All lines below between the line with "近日,beat365官网学生" and the line with "316L Çelik Gold", including both, must be copied exactly, and the pictures must be omitted.

> Supplied material:
◇ ◇ ◇ ◇ ◇
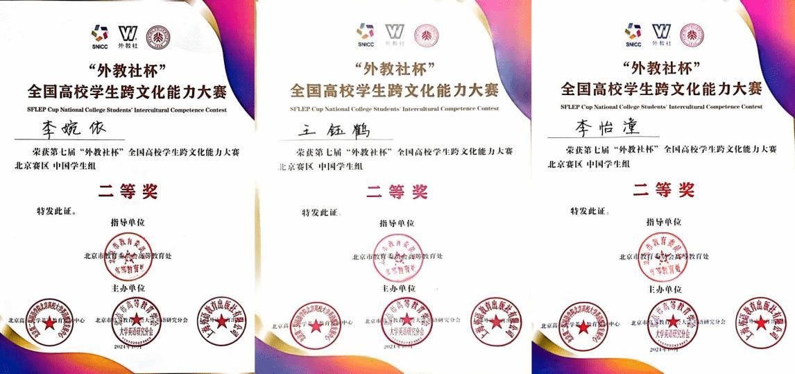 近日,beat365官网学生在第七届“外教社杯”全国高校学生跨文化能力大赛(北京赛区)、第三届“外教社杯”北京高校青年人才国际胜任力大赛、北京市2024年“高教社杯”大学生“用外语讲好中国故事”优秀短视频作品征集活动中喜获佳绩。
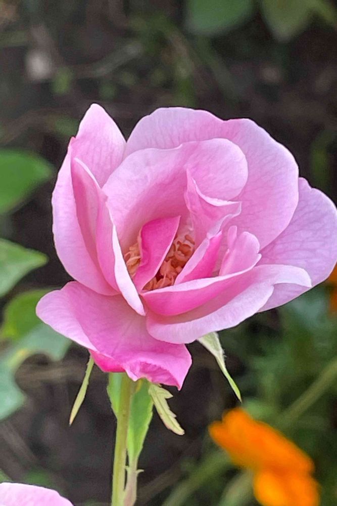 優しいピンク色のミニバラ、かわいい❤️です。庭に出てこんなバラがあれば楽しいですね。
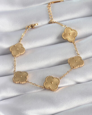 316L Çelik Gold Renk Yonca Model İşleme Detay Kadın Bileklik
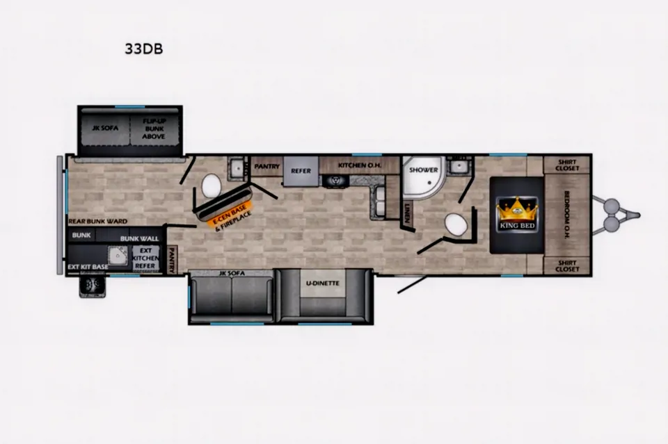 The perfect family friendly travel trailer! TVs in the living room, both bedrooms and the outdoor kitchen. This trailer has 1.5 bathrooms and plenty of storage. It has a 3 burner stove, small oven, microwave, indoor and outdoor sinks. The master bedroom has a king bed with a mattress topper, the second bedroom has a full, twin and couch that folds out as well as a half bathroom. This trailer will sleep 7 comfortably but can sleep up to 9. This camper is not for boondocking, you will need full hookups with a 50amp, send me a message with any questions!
◇ ◇ ◇ ◇ ◇
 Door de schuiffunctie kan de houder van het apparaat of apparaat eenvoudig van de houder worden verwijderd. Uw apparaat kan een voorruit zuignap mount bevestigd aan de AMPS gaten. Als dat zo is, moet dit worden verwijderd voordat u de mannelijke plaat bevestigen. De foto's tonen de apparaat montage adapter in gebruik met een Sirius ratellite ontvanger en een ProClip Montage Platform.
◇ ◇ ◇ ◇ ◇
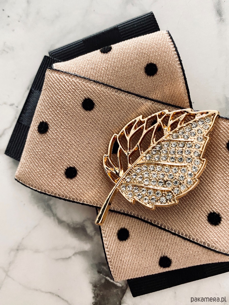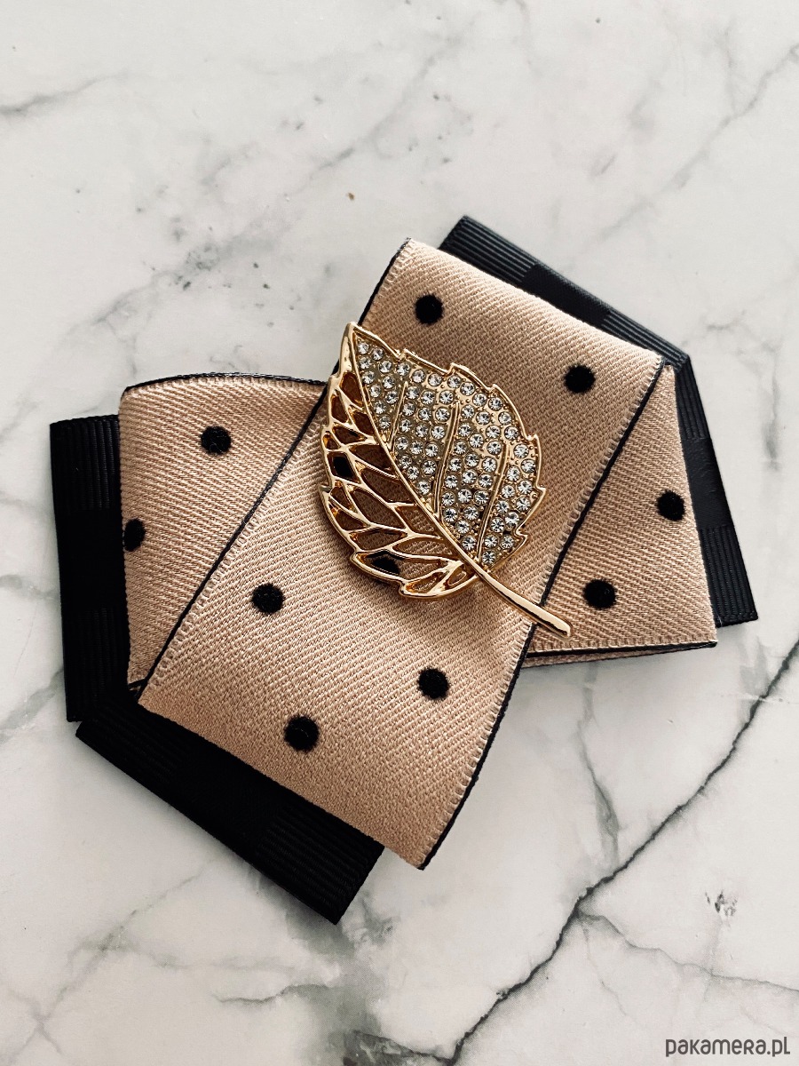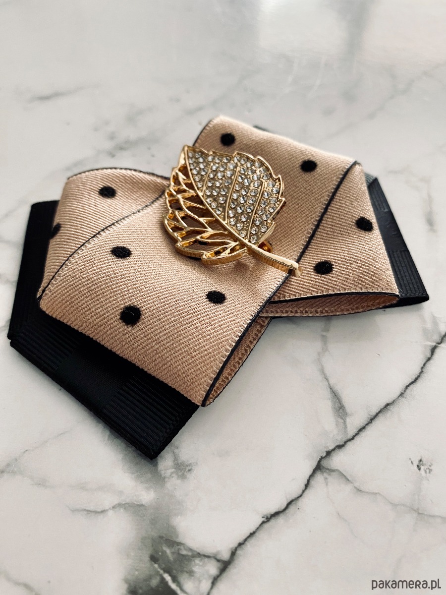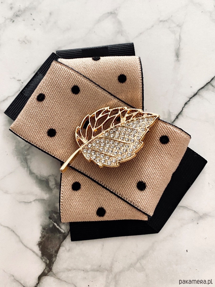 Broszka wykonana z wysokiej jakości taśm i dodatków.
◇ ◇ ◇ ◇ ◇
> Output of the exercise:
 近日,beat365官网学生在第七届“外教社杯”全国高校学生跨文化能力大赛(北京赛区)、第三届“外教社杯”北京高校青年人才国际胜任力大赛、北京市2024年“高教社杯”大学生“用外语讲好中国故事”优秀短视频作品征集活动中喜获佳绩。
 優しいピンク色のミニバラ、かわいい❤️です。庭に出てこんなバラがあれば楽しいですね。
 316L Çelik Gold Renk Yonca Model İşleme Detay Kadın Bileklik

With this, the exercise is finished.